Give the lines below again exactly, starting with the line that holds "O Município de" and going on through the line that holds "Београд, 1. децембар".

EXTRACTED DATA =

=== Section Start ===

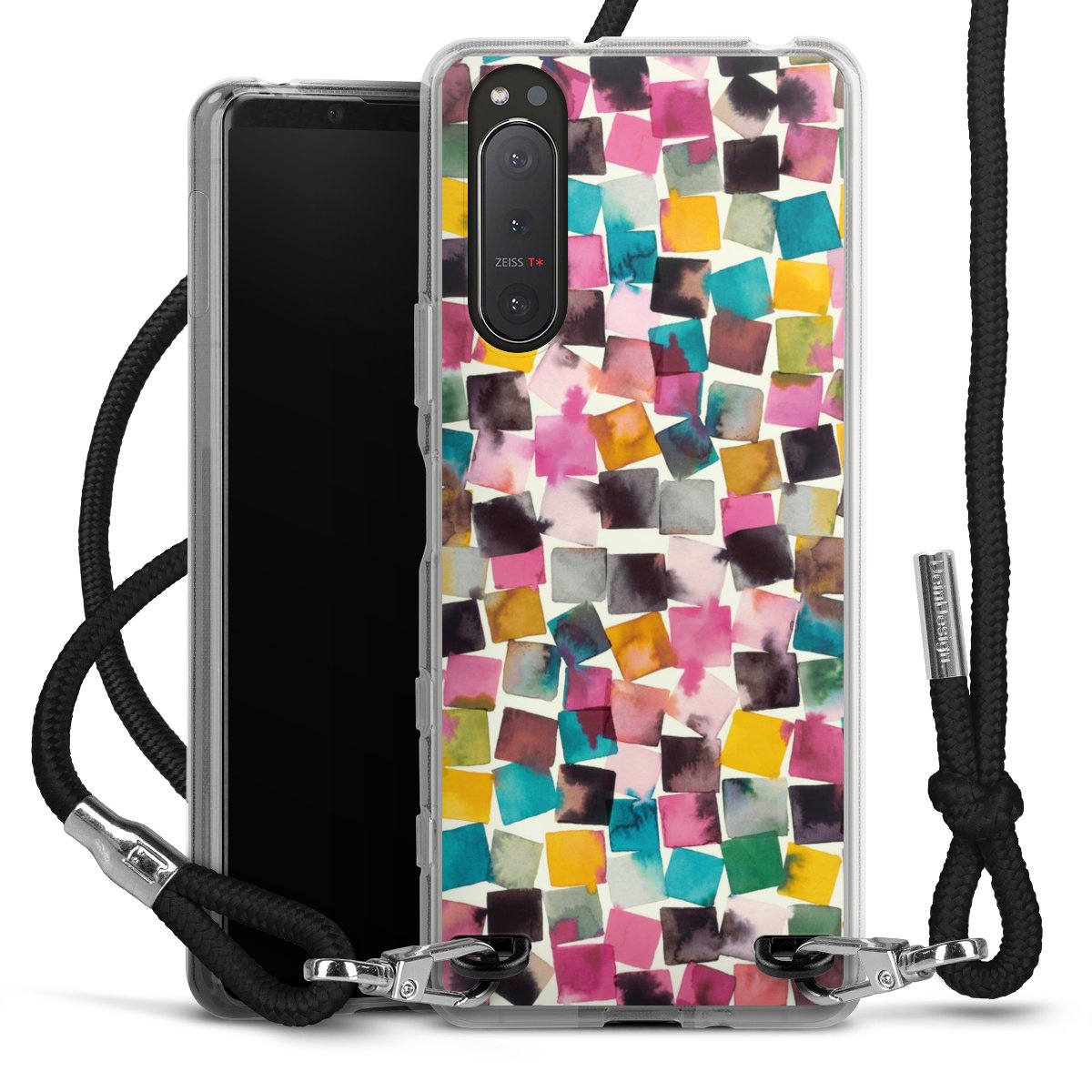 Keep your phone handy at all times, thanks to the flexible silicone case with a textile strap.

=== Section End ===
=== Section Start ===

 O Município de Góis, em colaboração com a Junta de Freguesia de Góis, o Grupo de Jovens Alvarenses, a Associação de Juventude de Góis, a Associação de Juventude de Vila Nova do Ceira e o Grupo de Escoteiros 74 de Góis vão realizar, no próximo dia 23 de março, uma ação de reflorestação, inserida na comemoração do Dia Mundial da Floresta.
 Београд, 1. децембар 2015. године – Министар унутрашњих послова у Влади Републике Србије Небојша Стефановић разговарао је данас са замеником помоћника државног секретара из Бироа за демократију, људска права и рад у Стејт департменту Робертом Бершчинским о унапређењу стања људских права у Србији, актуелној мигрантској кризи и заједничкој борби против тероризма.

=== Section End ===

TASK RESULT =
 O Município de Góis, em colaboração com a Junta de Freguesia de Góis, o Grupo de Jovens Alvarenses, a Associação de Juventude de Góis, a Associação de Juventude de Vila Nova do Ceira e o Grupo de Escoteiros 74 de Góis vão realizar, no próximo dia 23 de março, uma ação de reflorestação, inserida na comemoração do Dia Mundial da Floresta.
 Београд, 1. децембар 2015. године – Министар унутрашњих послова у Влади Републике Србије Небојша Стефановић разговарао је данас са замеником помоћника државног секретара из Бироа за демократију, људска права и рад у Стејт департменту Робертом Бершчинским о унапређењу стања људских права у Србији, актуелној мигрантској кризи и заједничкој борби против тероризма.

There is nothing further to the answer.